#### [Task brief]
Lines from the beginning of the material below through the line that has "Создатели проекта отмечают, что" are to be reproduced exactly, but pictures are not.

#### [Recorded information]
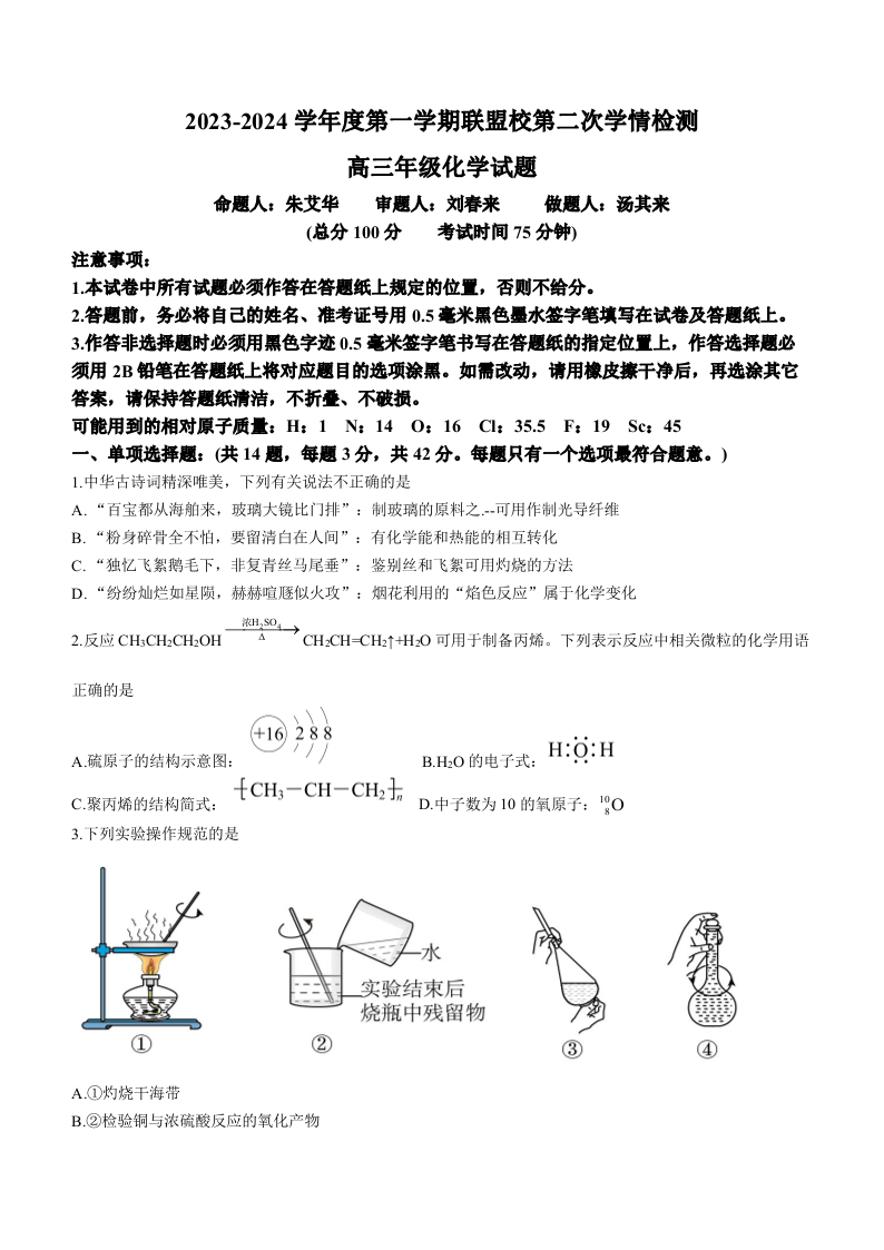 江苏省盐城市2023-2024学年度第一学期联盟校第二次联考 化学
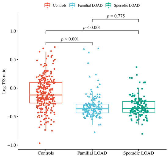 As shown in Figure 1, the mean log-transformed LTL (logT/S ratio) in controls (−0.089, standard error (SE) 0.016) was significantly higher than that in sLOAD patients (−0.32, SE 0.017; p < 0.001), a difference that equates to about 48% decrease in the T/S ratio. Similarly, the mean logT/S ratio in controls was significantly higher than in fLOAD patients (−0.32, SE 0.019; p < 0.001), a difference that equates to a 41% decrease in the T/S ratio. No difference was observed in mean LTL between the two groups of patients (p > 0.05).
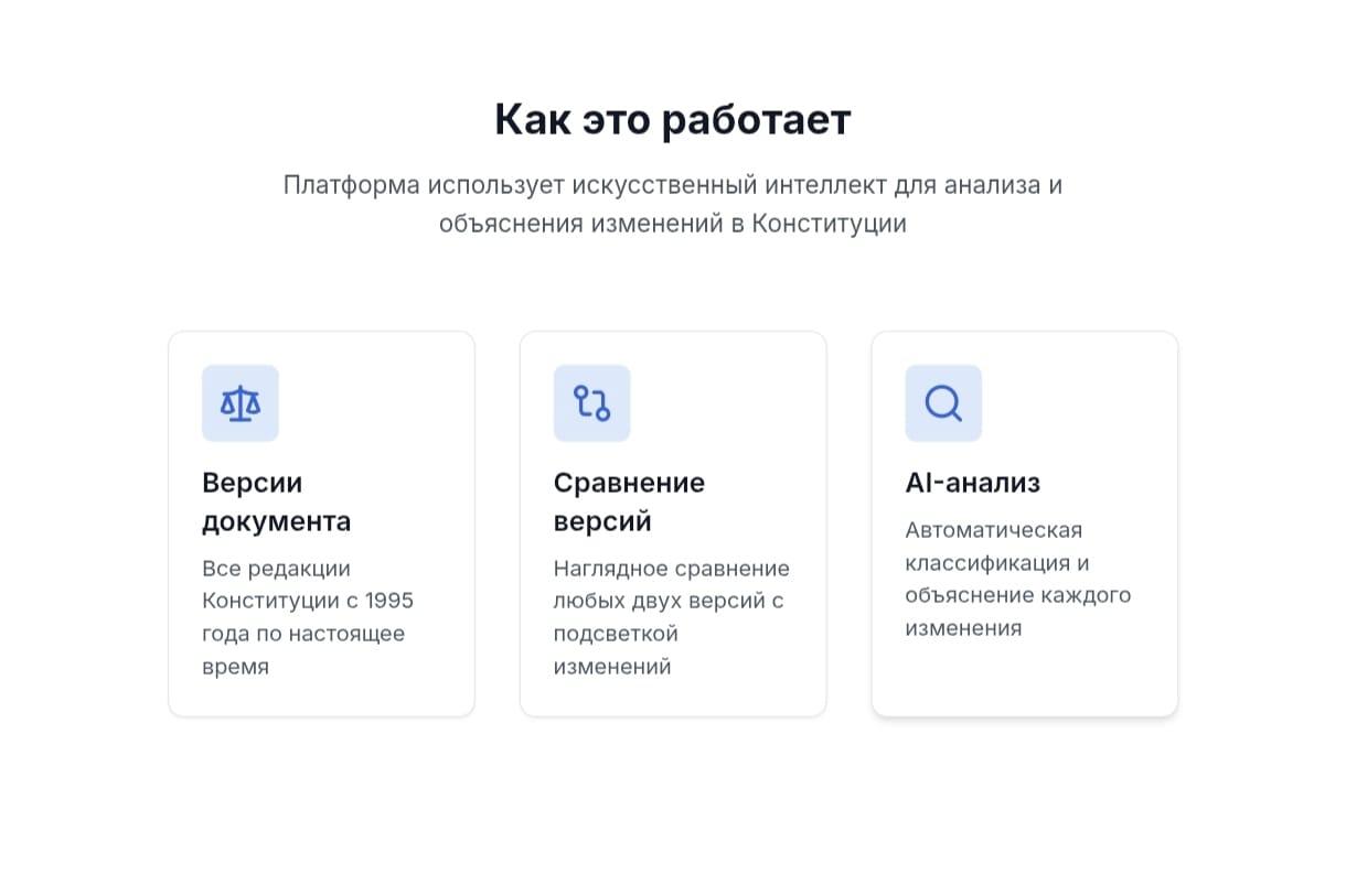 Создатели проекта отмечают, что главная цель платформы — сделать Конституцию более понятной и доступной для граждан. Новый AI-инструмент должен помочь людям лучше ориентироваться в предлагаемых изменениях, обсуждать их и повышать уровень правовой грамотности.
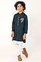 Bottle Green Linen Silk Embroidered Kurta Set For Boys

#### [Exercise answer]
 江苏省盐城市2023-2024学年度第一学期联盟校第二次联考 化学
 As shown in Figure 1, the mean log-transformed LTL (logT/S ratio) in controls (−0.089, standard error (SE) 0.016) was significantly higher than that in sLOAD patients (−0.32, SE 0.017; p < 0.001), a difference that equates to about 48% decrease in the T/S ratio. Similarly, the mean logT/S ratio in controls was significantly higher than in fLOAD patients (−0.32, SE 0.019; p < 0.001), a difference that equates to a 41% decrease in the T/S ratio. No difference was observed in mean LTL between the two groups of patients (p > 0.05).
 Создатели проекта отмечают, что главная цель платформы — сделать Конституцию более понятной и доступной для граждан. Новый AI-инструмент должен помочь людям лучше ориентироваться в предлагаемых изменениях, обсуждать их и повышать уровень правовой грамотности.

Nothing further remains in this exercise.